REQUIRED WORK:
Only one stretch of the data is wanted: the line containing "Рис. 2. Алгоритм", the line containing "февраль 1954 года", and every line between them, copied exactly.

SUPPLIED INFORMATION:
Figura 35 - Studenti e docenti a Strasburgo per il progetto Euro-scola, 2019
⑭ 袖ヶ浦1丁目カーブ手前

---

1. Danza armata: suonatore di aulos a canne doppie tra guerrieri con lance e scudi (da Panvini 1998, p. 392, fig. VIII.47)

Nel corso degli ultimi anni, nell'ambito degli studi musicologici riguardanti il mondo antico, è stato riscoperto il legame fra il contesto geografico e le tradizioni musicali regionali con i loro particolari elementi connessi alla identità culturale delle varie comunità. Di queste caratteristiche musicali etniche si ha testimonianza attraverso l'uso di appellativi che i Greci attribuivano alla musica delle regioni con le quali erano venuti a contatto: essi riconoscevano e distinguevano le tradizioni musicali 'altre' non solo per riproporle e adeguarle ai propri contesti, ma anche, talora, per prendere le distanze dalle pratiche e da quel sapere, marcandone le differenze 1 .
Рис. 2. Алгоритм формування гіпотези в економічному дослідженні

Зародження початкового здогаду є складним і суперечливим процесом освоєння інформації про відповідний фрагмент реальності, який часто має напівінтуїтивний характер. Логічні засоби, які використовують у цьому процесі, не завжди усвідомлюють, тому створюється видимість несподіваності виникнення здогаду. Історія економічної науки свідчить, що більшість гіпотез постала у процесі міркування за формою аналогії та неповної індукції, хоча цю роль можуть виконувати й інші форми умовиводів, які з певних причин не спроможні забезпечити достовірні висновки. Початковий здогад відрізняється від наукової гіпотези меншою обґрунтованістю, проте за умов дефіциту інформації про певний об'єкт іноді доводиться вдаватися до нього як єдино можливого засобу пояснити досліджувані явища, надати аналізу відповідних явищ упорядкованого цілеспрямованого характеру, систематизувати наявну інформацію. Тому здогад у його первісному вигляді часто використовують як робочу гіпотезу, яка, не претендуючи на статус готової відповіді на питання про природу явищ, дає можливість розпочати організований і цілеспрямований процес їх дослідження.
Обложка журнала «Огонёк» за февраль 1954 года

...

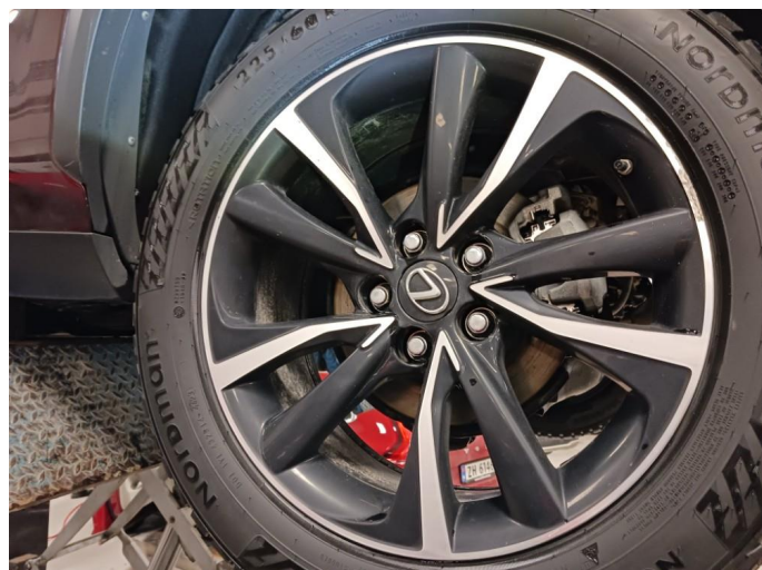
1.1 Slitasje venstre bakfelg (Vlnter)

RESULT OF THIS EXERCISE:
Рис. 2. Алгоритм формування гіпотези в економічному дослідженні

Зародження початкового здогаду є складним і суперечливим процесом освоєння інформації про відповідний фрагмент реальності, який часто має напівінтуїтивний характер. Логічні засоби, які використовують у цьому процесі, не завжди усвідомлюють, тому створюється видимість несподіваності виникнення здогаду. Історія економічної науки свідчить, що більшість гіпотез постала у процесі міркування за формою аналогії та неповної індукції, хоча цю роль можуть виконувати й інші форми умовиводів, які з певних причин не спроможні забезпечити достовірні висновки. Початковий здогад відрізняється від наукової гіпотези меншою обґрунтованістю, проте за умов дефіциту інформації про певний об'єкт іноді доводиться вдаватися до нього як єдино можливого засобу пояснити досліджувані явища, надати аналізу відповідних явищ упорядкованого цілеспрямованого характеру, систематизувати наявну інформацію. Тому здогад у його первісному вигляді часто використовують як робочу гіпотезу, яка, не претендуючи на статус готової відповіді на питання про природу явищ, дає можливість розпочати організований і цілеспрямований процес їх дослідження.
Обложка журнала «Огонёк» за февраль 1954 года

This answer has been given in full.